Protein meal variations:

Meal #1 Example

○     Organic Sausage

○     Eggs

○     Fruit

○     Cooked Vegetables

Meal #2 Example

○     Grass Fed Beef

○     Green Salad

○     Sweet Potatoes

Meal #3 Example

○     Wild Caught Salmon

○     White Rice

○     Steamed vegetables

Meal #4 Example

○     Free-Range / Cage Free Organic Chicken

○     Golden Potatoes

○     Green Salad w/ Olive Oil

Meal #5 Example

○     Grass Fed Bison

○     White Rice

○     Roasted Brussel Sprouts

Meal #6 Example

○     Grass Fed Goat Whey Protein Powder

○     Cup of Frozen Mixed Berries

○     Cup of Frozen Kale

○     Almond Milk

○     Almond Butter

Meal #7 Example

○     Free-Range / Cage Free Turkey Breast

○     Mashed Sweet Potatoes

○     Cooked Spinach

In the above examples, we utilized a different protein source with each meal. This will allow for adequate intake of all necessary amino acids while maintaining great palatability, satiation, and pleasure. The requirements of our protein intake will vary depending on a multitude of factors. A few of the major variances:

●     The goal/function

●     Training frequency

●     Intensity of the training

●     Biological Age

●     Training Age

Choosing and preparing your proteins:

  1. Quality Meats: grass fed, free-range, organic

    1. This will have a direct impact on the lipid profile of the meal along with quality of protein

  2. Low Char when cooking

    1. Will help prevent carcinogen production

    2. Stay closer to the medium rare side with red meat and medium with ground beef

    3. Higher quality meats won’t require as much cooking

    4. Overcooked meat will denature the protein structure

  3. Slow Cooked

    1. Slow cook your meat whenever possible (will help breakdown the protein making it easier to digest for the body)

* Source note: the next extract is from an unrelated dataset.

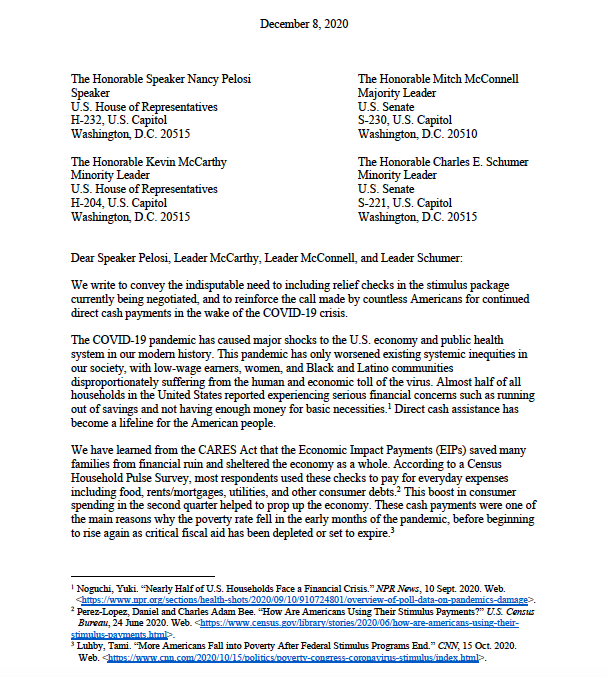 NEW: I've joined 58 House members in urging House and Senate leadership to include stimulus checks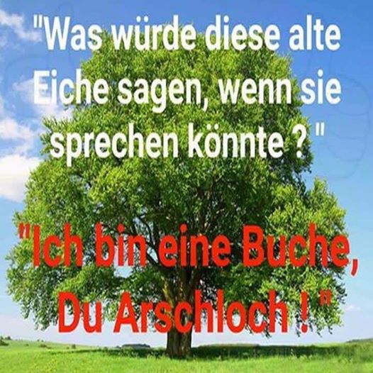 Naja der Baum beleidigt ja den Menschen der ja zuvor den Baum nicht richtig bestimmt hat also wird wohl ein gebildeter Baum wissen das ein Mensch anatomisch gesehen sehr wohl ein Arschloch hat und nicht nur Astlöcher

  4. No microwaving / reheating food

    1. This will denature the protein along with exposing your food to electromagnetic waves

Proteins are vital for the body to grow and build. We don’t store them to the same degree we do carbohydrates and fats creating a high turnover rate. Proteins are broken down into subunits called amino acids. Of the 20 amino acids, there are 8 essential amino acids we must get from the diet. Having a wide variety of protein sources in the diet will allow for adequate amino acid intake and maintain great palatability, satiation, and pleasure from your food. When preparing your proteins, choose the highest quality sources as this will affect the lipid profile of the protein. Additionally, cook them with care to prevent denaturing of the proteins and when able slow cook the protein to help break it down further allowing for easier digestion. Lastly, don’t forget to chew it well.